Thursday at the Oloffson
Photograph of dancers: Jean Claude Coutausse Photography
———————————————————————-
RAM
The drums grip the heart
The dust leaps with the bass
The fleshy bees sway
The balcony heaves with the passion
The prostitutes glide and clatter
The suits come and go
The do-gooders huddle in the corner
While aid workers hold down the center tables
The Haitians dressed to kill – no that has passed
And Graham’s extras totter in the shadows
I sleep in the annex
Sliding down the hill
– Andrew B. Wright
The Hotel Oloffson is an inn in central Port-au-Prince, Haiti.
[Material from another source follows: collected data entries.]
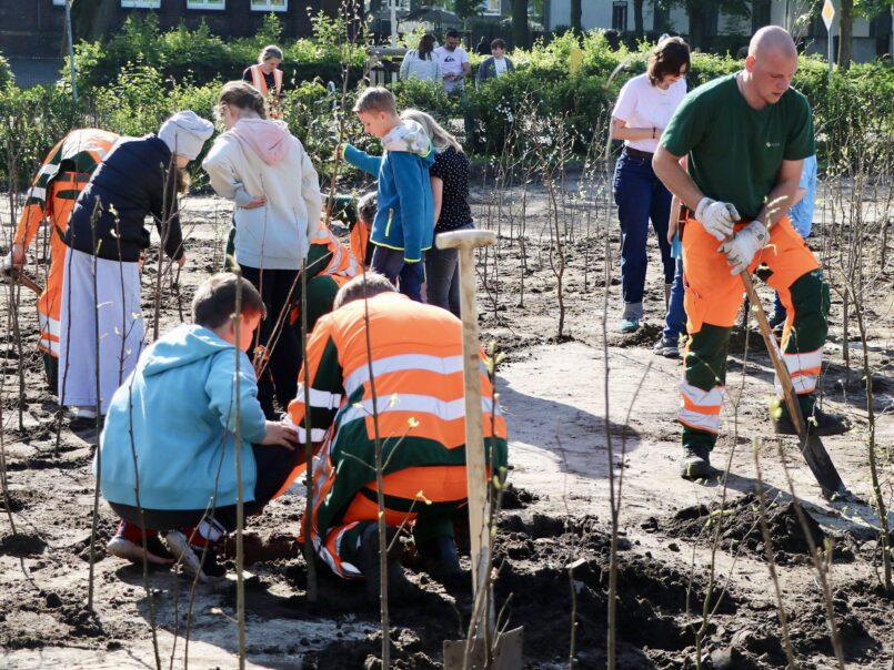 Eine große Unterstützung bei der Pflanzaktion waren die Kinder der benachbarten Grundschule Hochlarmark, die mithalfen, ihr eigenes grünes Klassenzimmer zu erschaffen, das als Lern- und Begegnungsort dienen soll.
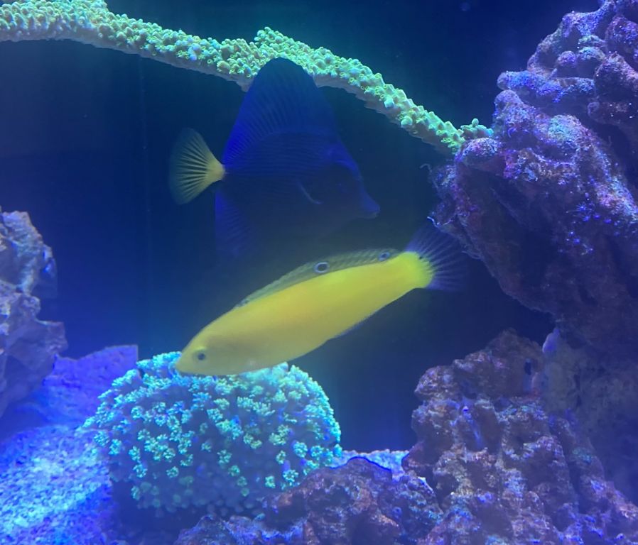 Det er med spænding at jeg undværer skummeren og det begrænser selvfølgelig hvor mange fisk jeg kan have og hvor hurtigt jeg tilfører dem, men jeg prøver at holde tungen lige i munden og her to måneder inde i indkøringen har jeg kun en lilla kirurg til at græsse alger og en gul gylte til at æde planarier, så de ikke ender med at blive et problem.
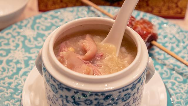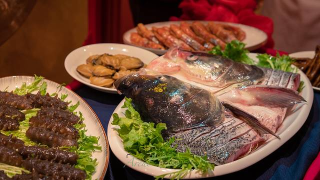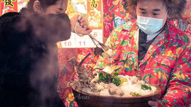 除了来自松花江的超大鱼头,还有每只都比手还大的虾、海参、鲍鱼、鹅掌、排骨……多种珍贵食材,再加老火高汤炖煮,味道请自行想象吧,此刻的我又默默咽了几下口水。
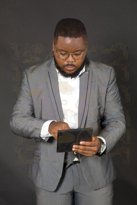 homme noir beau elegant costume uniforme couleur grise montre lunette yeux baissé business finance tablette communication internet smartphoneSimilar Photos
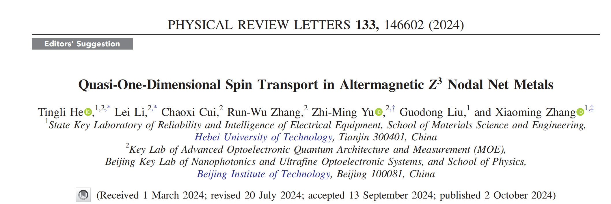 近日,材料科学与工程学院新型电子功能材料团队与北京理工大学合作在物理类顶刊《Physical Review Letters》上发表了题为“Quasi-One-Dimensional Spin Transport in Altermagnetic Z3 Nodal Net Metals”的研究型论文(入选Editors’ Suggestion)。kaiyun体育官网登录入口为第一完成单位,材料科学与工程学院博士生何婷丽与北京理工大学李磊博士为论文共同第一作者,张小明教授与北京理工大学余智明教授为论文共同通讯作者。

The main structure of the hotel is a 19th century Gothic gingerbread mansion set in a lush tropical garden. The mansion was built as a residence for the powerful Sam family, including two former presidents of Haiti. The hotel was the real-life inspiration for the fictional Hotel Trianon in Graham Greene‘s famous 1966 novel The Comedians. During the 1970s and early 1980s, the hotel enjoyed a brief period of fame and good fortune. Celebrities such as Jacqueline Kennedy Onassis and Mick Jagger were regular guests. Throughout the political upheaval of Haiti in the 1990s, the hotel has been the regular performance venue of the mizik rasin band, RAM, famous for their protest music during the Raoul Cédras military dictatorship from 1991 to 1994. Their Thursday evening performances at the hotel became one of the few regular social events in Port-au-Prince in which individuals of various political positions and allegiances could congregate. Regular attendees of the performances included foreign guests at the hotel, members of the military, paramilitary attachés and former Tonton Macoutes, members of the press, diplomats, foreign aid workers, artists, and businessmen.